Work required: Images excepted, the data below must be repeated exactly.

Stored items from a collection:
○ ○ ○ ○ ○

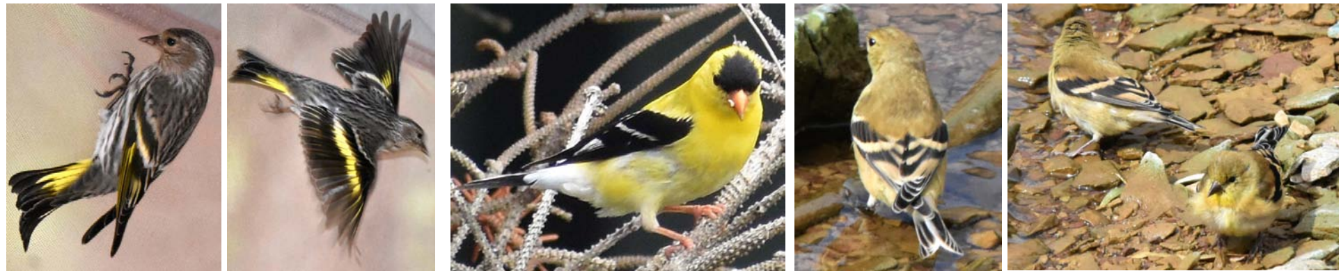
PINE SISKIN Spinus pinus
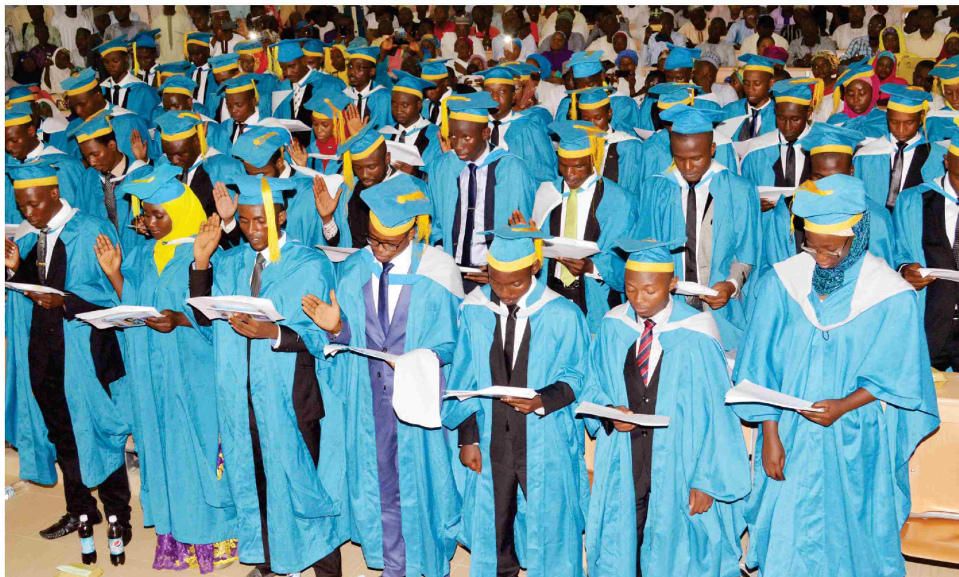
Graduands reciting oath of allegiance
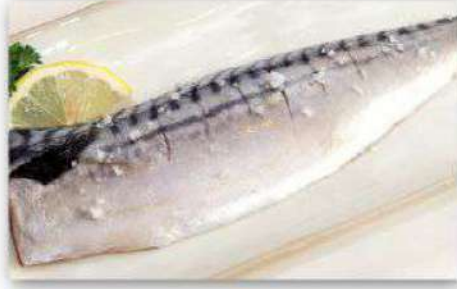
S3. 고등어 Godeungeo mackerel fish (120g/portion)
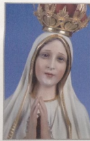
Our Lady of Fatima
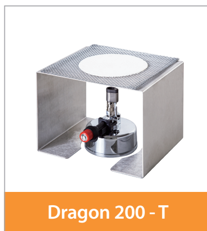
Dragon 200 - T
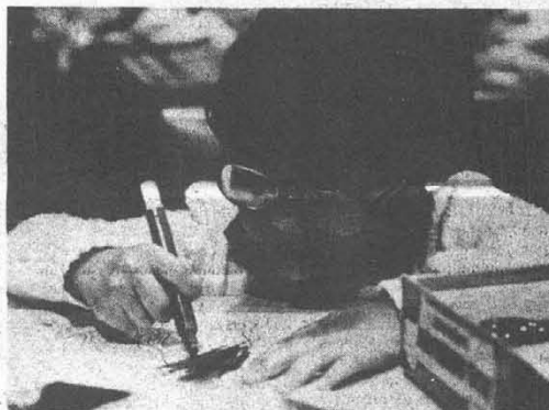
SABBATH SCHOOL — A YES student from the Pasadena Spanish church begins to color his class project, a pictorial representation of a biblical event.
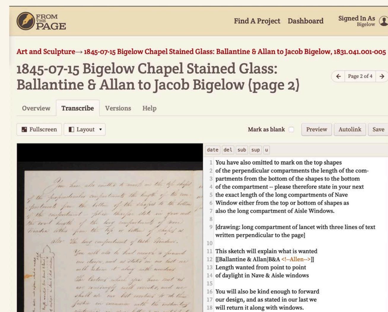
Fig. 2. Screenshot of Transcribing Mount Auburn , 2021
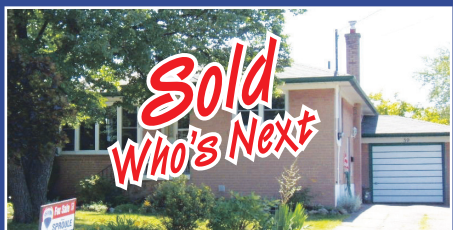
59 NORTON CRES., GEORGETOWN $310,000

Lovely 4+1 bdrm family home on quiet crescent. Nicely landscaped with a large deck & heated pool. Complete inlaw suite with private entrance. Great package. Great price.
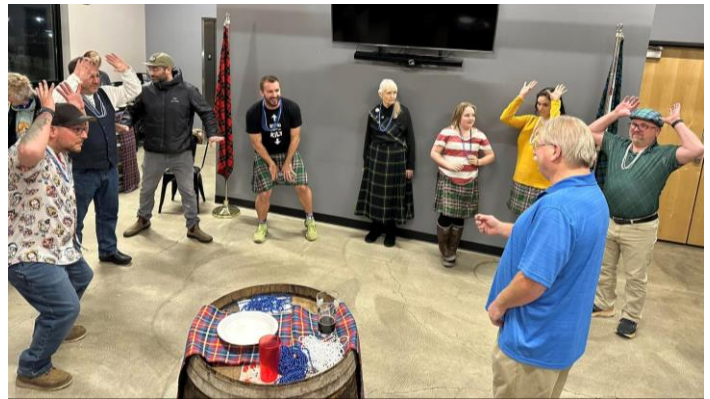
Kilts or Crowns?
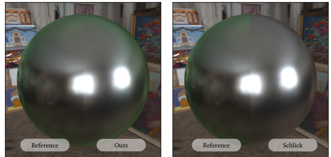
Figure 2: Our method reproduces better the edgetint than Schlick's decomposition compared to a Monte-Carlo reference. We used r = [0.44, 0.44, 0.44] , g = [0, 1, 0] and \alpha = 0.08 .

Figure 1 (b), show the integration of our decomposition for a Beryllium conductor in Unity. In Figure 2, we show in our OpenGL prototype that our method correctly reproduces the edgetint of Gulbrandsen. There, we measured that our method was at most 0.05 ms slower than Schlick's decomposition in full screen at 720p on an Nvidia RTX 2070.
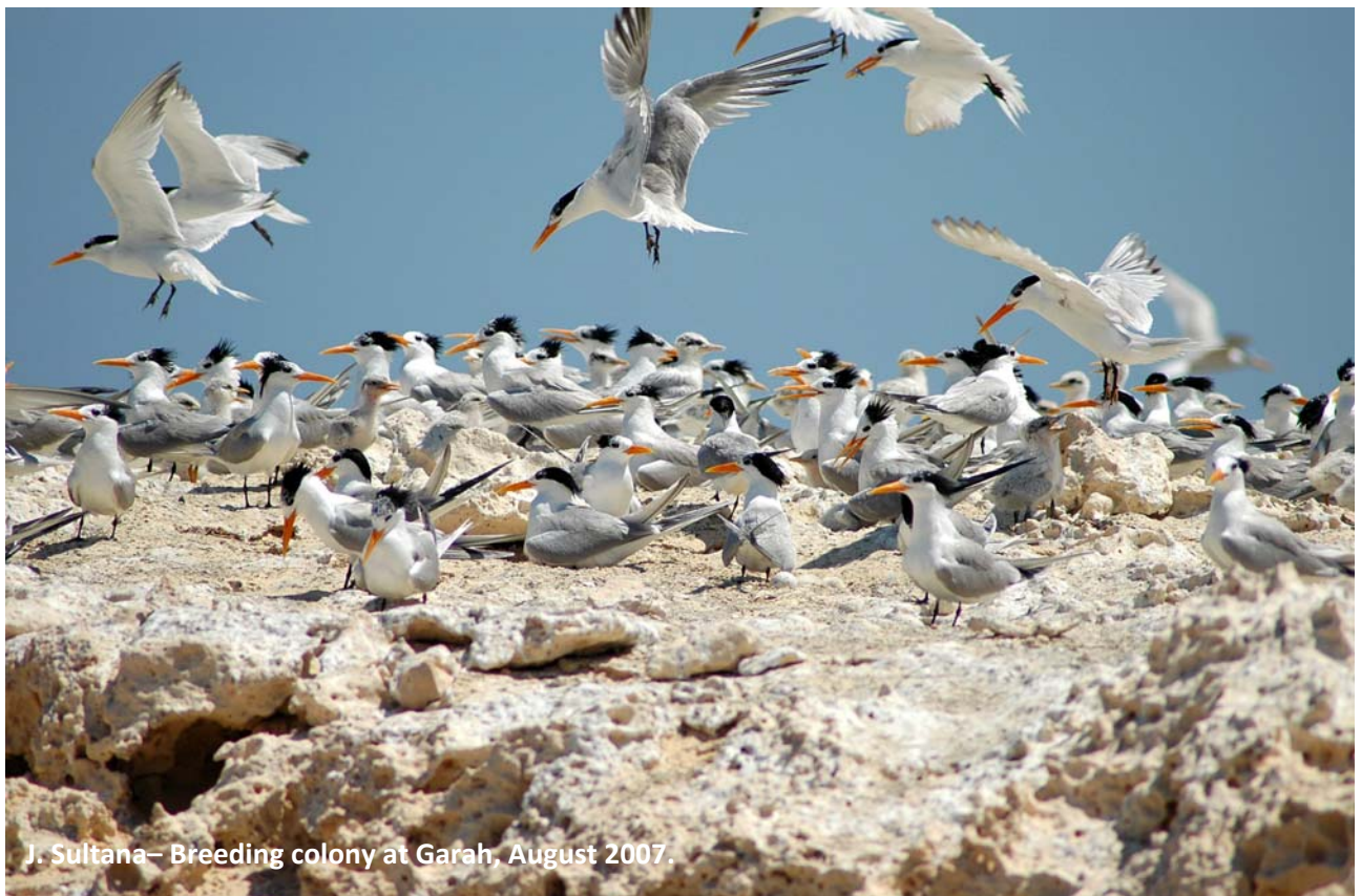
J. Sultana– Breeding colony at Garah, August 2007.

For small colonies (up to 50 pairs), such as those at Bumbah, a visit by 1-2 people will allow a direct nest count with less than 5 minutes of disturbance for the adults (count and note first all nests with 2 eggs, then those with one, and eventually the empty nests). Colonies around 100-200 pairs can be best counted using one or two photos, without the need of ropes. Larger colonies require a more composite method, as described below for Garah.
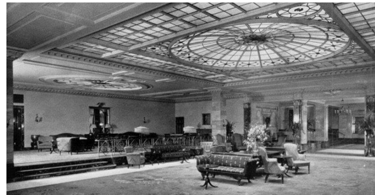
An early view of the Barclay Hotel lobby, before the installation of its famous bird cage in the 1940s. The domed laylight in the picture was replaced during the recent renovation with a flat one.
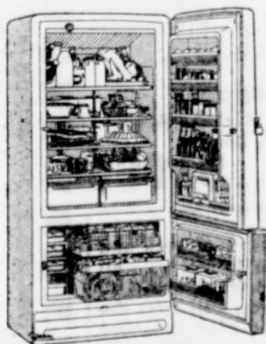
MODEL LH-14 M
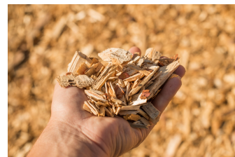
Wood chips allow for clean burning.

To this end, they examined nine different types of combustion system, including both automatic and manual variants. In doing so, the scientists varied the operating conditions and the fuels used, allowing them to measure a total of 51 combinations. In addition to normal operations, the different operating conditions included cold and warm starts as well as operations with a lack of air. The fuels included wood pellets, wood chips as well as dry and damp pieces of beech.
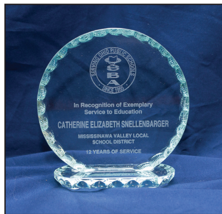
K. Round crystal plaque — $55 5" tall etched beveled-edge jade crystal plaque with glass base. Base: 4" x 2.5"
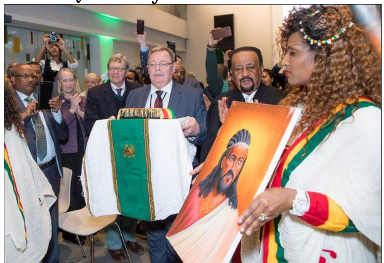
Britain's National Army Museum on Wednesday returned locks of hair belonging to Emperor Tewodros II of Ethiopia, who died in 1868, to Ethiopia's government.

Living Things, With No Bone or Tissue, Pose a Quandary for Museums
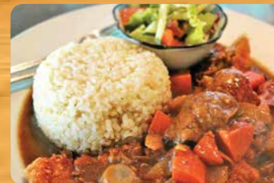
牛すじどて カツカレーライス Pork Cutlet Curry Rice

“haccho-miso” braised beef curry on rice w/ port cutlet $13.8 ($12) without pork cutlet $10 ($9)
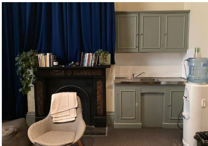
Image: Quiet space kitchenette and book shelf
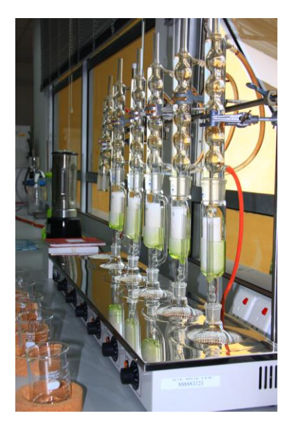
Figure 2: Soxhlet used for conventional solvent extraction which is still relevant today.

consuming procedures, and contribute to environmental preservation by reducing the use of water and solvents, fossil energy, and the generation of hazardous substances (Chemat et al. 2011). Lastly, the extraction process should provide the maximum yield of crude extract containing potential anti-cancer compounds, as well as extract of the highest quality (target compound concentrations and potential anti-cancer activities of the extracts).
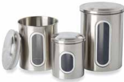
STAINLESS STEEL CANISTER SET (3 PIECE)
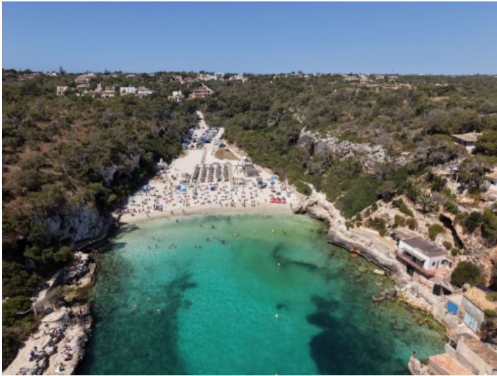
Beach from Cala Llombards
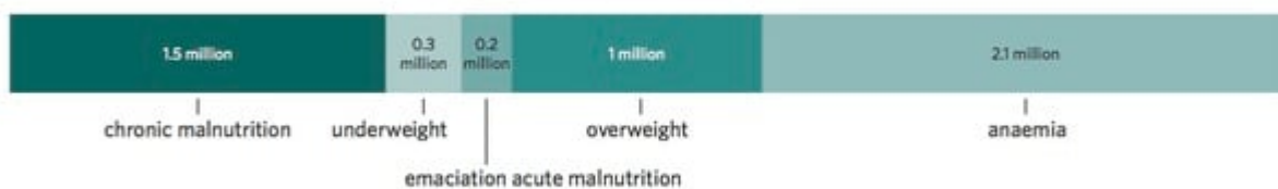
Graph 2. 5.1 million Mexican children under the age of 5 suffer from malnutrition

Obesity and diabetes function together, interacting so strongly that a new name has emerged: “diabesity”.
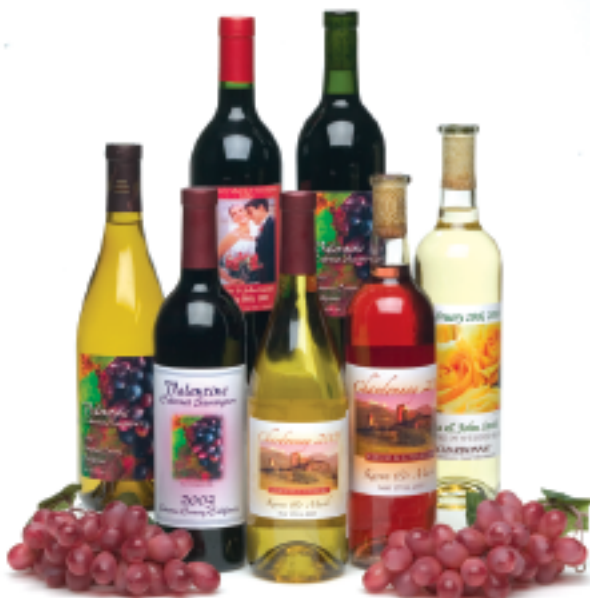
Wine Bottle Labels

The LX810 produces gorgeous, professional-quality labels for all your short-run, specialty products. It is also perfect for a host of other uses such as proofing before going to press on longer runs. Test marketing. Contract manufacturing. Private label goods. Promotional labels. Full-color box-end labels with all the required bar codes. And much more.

○ ○ ○ ○ ○

Answer to this task:
PINE SISKIN Spinus pinus
Graduands reciting oath of allegiance
S3. 고등어 Godeungeo mackerel fish (120g/portion)
Our Lady of Fatima
Dragon 200 - T
SABBATH SCHOOL — A YES student from the Pasadena Spanish church begins to color his class project, a pictorial representation of a biblical event.
Fig. 2. Screenshot of Transcribing Mount Auburn , 2021
59 NORTON CRES., GEORGETOWN $310,000

Lovely 4+1 bdrm family home on quiet crescent. Nicely landscaped with a large deck & heated pool. Complete inlaw suite with private entrance. Great package. Great price.
Kilts or Crowns?
Figure 2: Our method reproduces better the edgetint than Schlick's decomposition compared to a Monte-Carlo reference. We used r = [0.44, 0.44, 0.44] , g = [0, 1, 0] and \alpha = 0.08 .

Figure 1 (b), show the integration of our decomposition for a Beryllium conductor in Unity. In Figure 2, we show in our OpenGL prototype that our method correctly reproduces the edgetint of Gulbrandsen. There, we measured that our method was at most 0.05 ms slower than Schlick's decomposition in full screen at 720p on an Nvidia RTX 2070.
J. Sultana– Breeding colony at Garah, August 2007.

For small colonies (up to 50 pairs), such as those at Bumbah, a visit by 1-2 people will allow a direct nest count with less than 5 minutes of disturbance for the adults (count and note first all nests with 2 eggs, then those with one, and eventually the empty nests). Colonies around 100-200 pairs can be best counted using one or two photos, without the need of ropes. Larger colonies require a more composite method, as described below for Garah.
An early view of the Barclay Hotel lobby, before the installation of its famous bird cage in the 1940s. The domed laylight in the picture was replaced during the recent renovation with a flat one.
MODEL LH-14 M
Wood chips allow for clean burning.

To this end, they examined nine different types of combustion system, including both automatic and manual variants. In doing so, the scientists varied the operating conditions and the fuels used, allowing them to measure a total of 51 combinations. In addition to normal operations, the different operating conditions included cold and warm starts as well as operations with a lack of air. The fuels included wood pellets, wood chips as well as dry and damp pieces of beech.
K. Round crystal plaque — $55 5" tall etched beveled-edge jade crystal plaque with glass base. Base: 4" x 2.5"
Britain's National Army Museum on Wednesday returned locks of hair belonging to Emperor Tewodros II of Ethiopia, who died in 1868, to Ethiopia's government.

Living Things, With No Bone or Tissue, Pose a Quandary for Museums
牛すじどて カツカレーライス Pork Cutlet Curry Rice

“haccho-miso” braised beef curry on rice w/ port cutlet $13.8 ($12) without pork cutlet $10 ($9)
Image: Quiet space kitchenette and book shelf
Figure 2: Soxhlet used for conventional solvent extraction which is still relevant today.

consuming procedures, and contribute to environmental preservation by reducing the use of water and solvents, fossil energy, and the generation of hazardous substances (Chemat et al. 2011). Lastly, the extraction process should provide the maximum yield of crude extract containing potential anti-cancer compounds, as well as extract of the highest quality (target compound concentrations and potential anti-cancer activities of the extracts).
STAINLESS STEEL CANISTER SET (3 PIECE)
Beach from Cala Llombards
Graph 2. 5.1 million Mexican children under the age of 5 suffer from malnutrition

Obesity and diabetes function together, interacting so strongly that a new name has emerged: “diabesity”.
Wine Bottle Labels

The LX810 produces gorgeous, professional-quality labels for all your short-run, specialty products. It is also perfect for a host of other uses such as proofing before going to press on longer runs. Test marketing. Contract manufacturing. Private label goods. Promotional labels. Full-color box-end labels with all the required bar codes. And much more.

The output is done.